Part 2-Run sweep (75 min)¶

For each (quantization, concurrency) pair, run 100 requests: - fp16 × {1, 4, 16, 32, 64} - awq × {1, 4, 16, 32, 64}

Capture for each: - TTFT p50, p95. - Throughput (tokens/sec, summed across concurrent requests). - Tokens/sec/request.

Part 3-Analyze + report (45 min)¶

Build a chart: x-axis concurrency, y-axis throughput, two lines (fp16, awq).

Likely shape: - AWQ throughput at low concurrency: 2–3× fp16. - AWQ throughput at high concurrency: still better but gap shrinks (compute becomes the bottleneck). - AWQ TTFT: similar at low concurrency (prefill is compute-bound, not helped much by quantization).

Write up in inference-experiments/results.md.
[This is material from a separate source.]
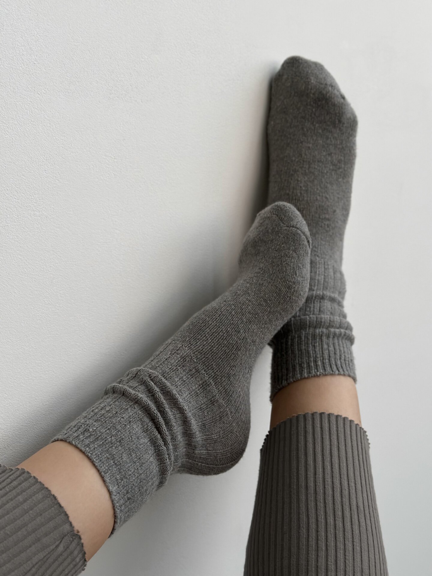 Skarpety Twins wysokie, wełniane, szare

Push.

Output of Session C¶

Comprehensive benchmark sweep.
Results doc with chart.

End-of-week artifact¶

vLLM serving fp16 and AWQ models
KV cache math worked through
Concurrency sweep with TTFT, ITL, throughput
Results doc

End-of-week self-assessment¶

I can compute KV cache memory for any transformer.
I can explain why decode is memory-bound.
I can articulate the vLLM throughput advantage.
I have real benchmark numbers from my own deployment.

Common failure modes for this week¶

Skipping the math. KV memory math is foundational; not optional.
Single-config benchmarks. A sweep is informative; a point isn't.
Trusting headline numbers without measurement. Real workloads beat marketing.

What's next (preview of M08-W02)¶

LoRA fine-tuning on a small model. PEFT + TRL. Before/after eval.